Once he got over the small shock of the camel spider’s presence, Stephen decided to test the shade theory for himself. Stepping to one side, he found the creature came too, riding
the slim carpet his shadow made. Another step saw it dog him again. He’d heard they were big, and sure enough, this one was the size of a toddler’s hand. He’d heard they were ugly too, but that wasn’t strictly so. There was a delicacy to the way it fingered along after him through the sand. It was pale, soft grey and ivory, with pointed feet and a fine, almost formal design. Not so much a child’s hand as an X-ray of that hand come to life. The longer he watched it, the lovelier it became.

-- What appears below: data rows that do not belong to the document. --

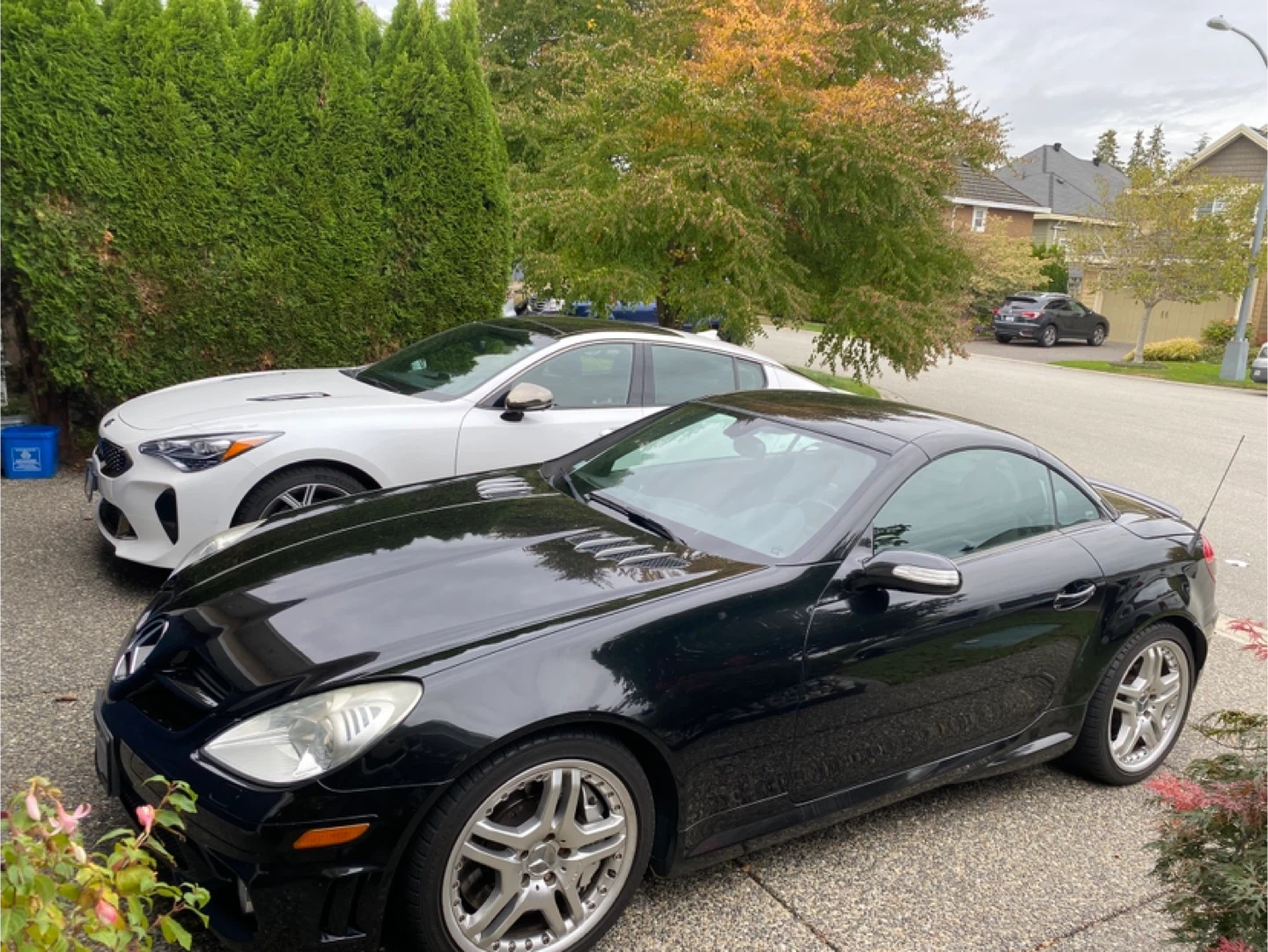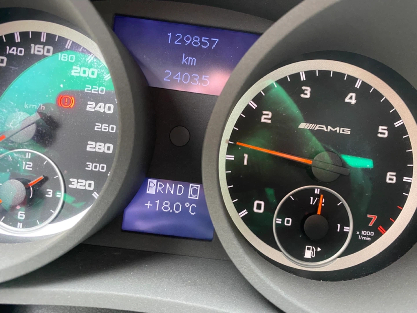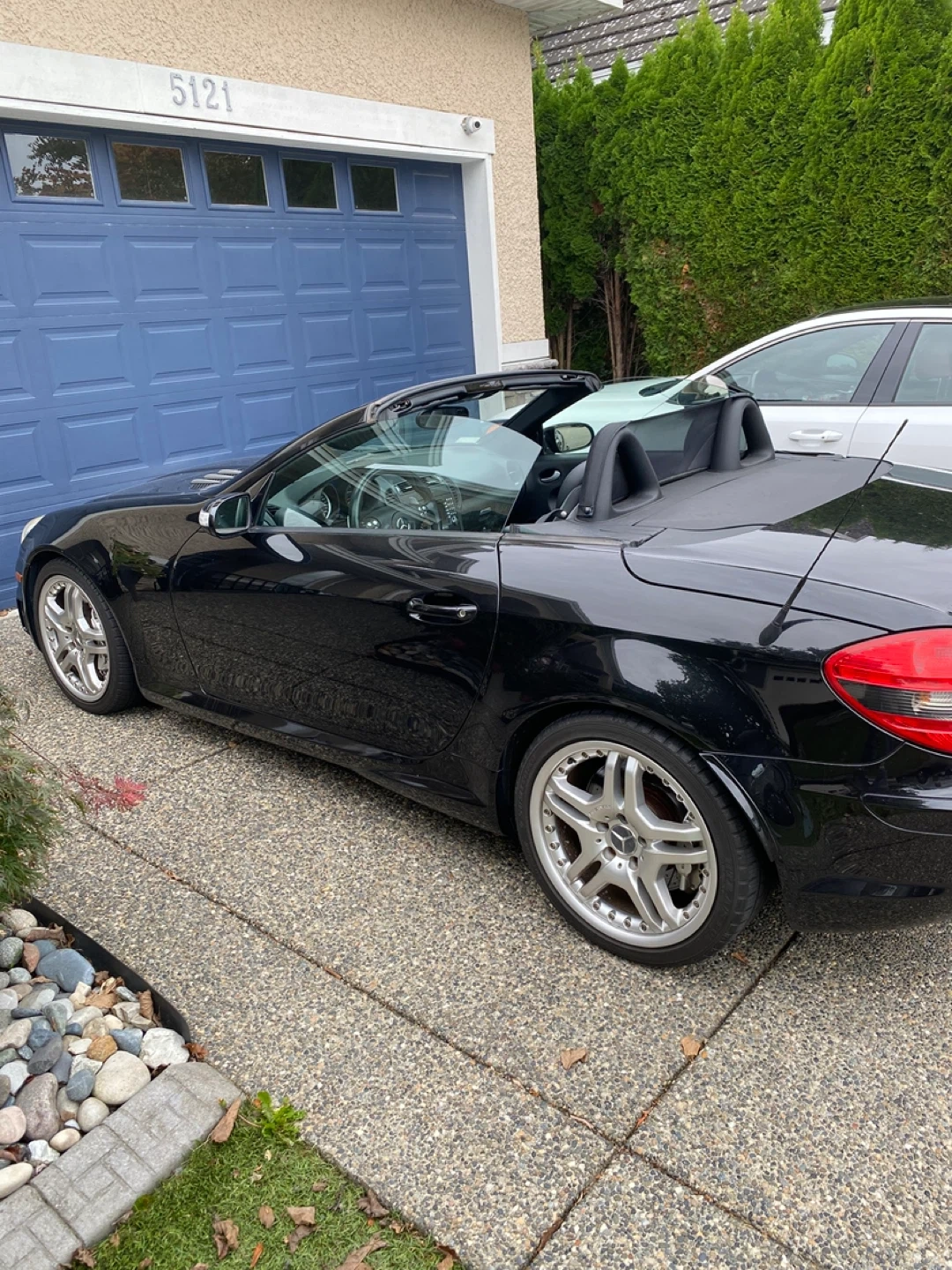 Selling a Mercedes-Benz SLK AMG. It's a black convertible with a powerful engine. The odometer reads 129857 km.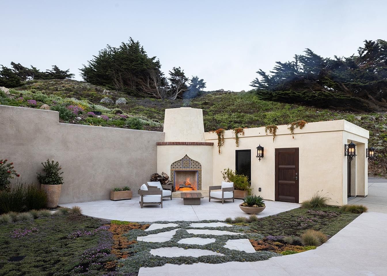This inviting outdoor living area seamlessly blends comfort and nature. The focal point is a stunning fireplace adorned with intricate tile work, creating a warm atmosphere for gatherings. Surrounding the fireplace, stylish seating invites relaxation, while the desert-inspired landscaping adds vibrant splashes of color with drought-resistant plants. Pathways meander gracefully through a lush ground cover, enhancing the space’s organic feel. Soft architectural lines and a neutral color palette, accented by traditional lanterns, evoke a serene ambiance. Ideal for family gatherings, this design encourages outdoor living, relaxation, and connection with nature, making it a perfect retreat.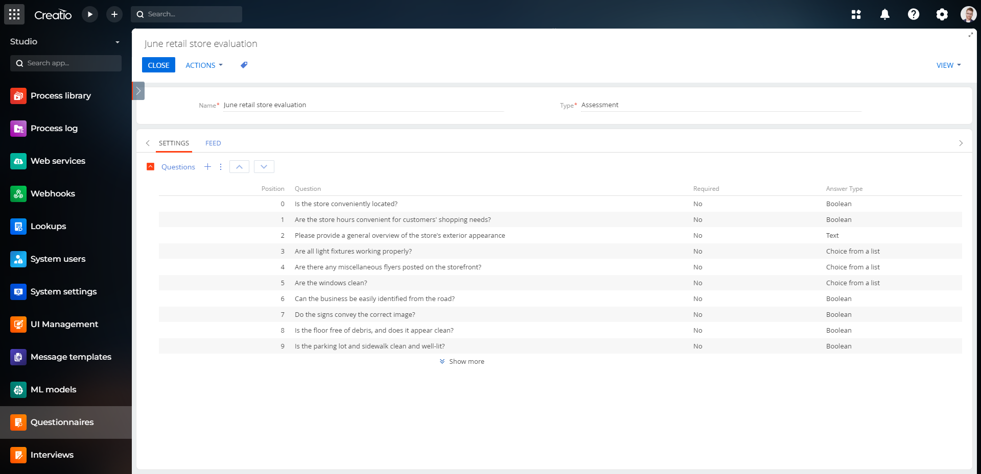 The "Conducting surveys for Creatio" add-on allows you to maintain surveys in Creatio, starting from questionnaire preparation and up to storing customer interview results.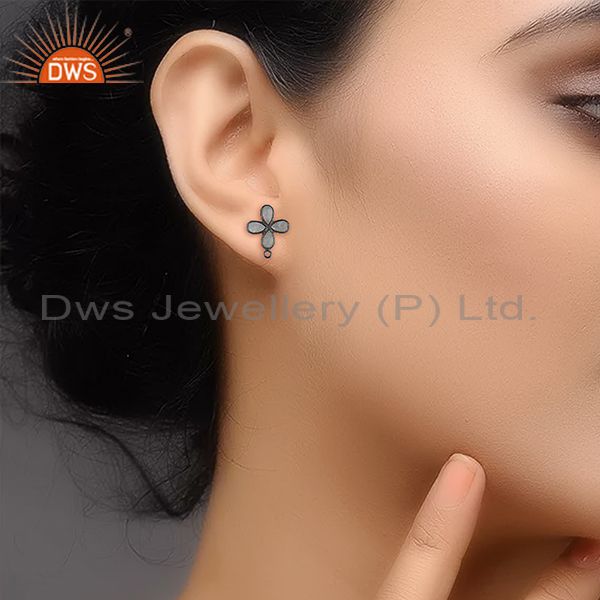Labradorite Gemstone Black Rhodium Plated Brass Earrings Jewelry

It stuck by him throughout the long afternoon, even followed him back to the LAV when the order to move finally came through. He considered pointing it out to his fellow soldiers but thought better of the idea. It would only take one startled soul, one boot brought down with a nervous laugh. He lagged a little, making sure he was the last one up the ramp. The camel spider kept on alone. As it vanished into the gloom beneath the LAV, Stephen said a rapid, silent prayer. Let it keep clear of the wheels, he thought. Let it live.

He’s forgotten what he was doing, where he is. The sun on his face is confusingly pleasant, the armoured vehicle before him all wrong. The fork is what sets him straight. Loader, not LAV. He’s on his way to shift the cars he flattened earlier, start a new stack along the eastern wall.

Talk about a cheap date—one beer and she offers to make dinner? She’s not the world’s worst cook, but when was the last time she made a meal for other people? Guy didn’t protest
the way anyone else would have. If he had, Edal might have come to her senses and backed out.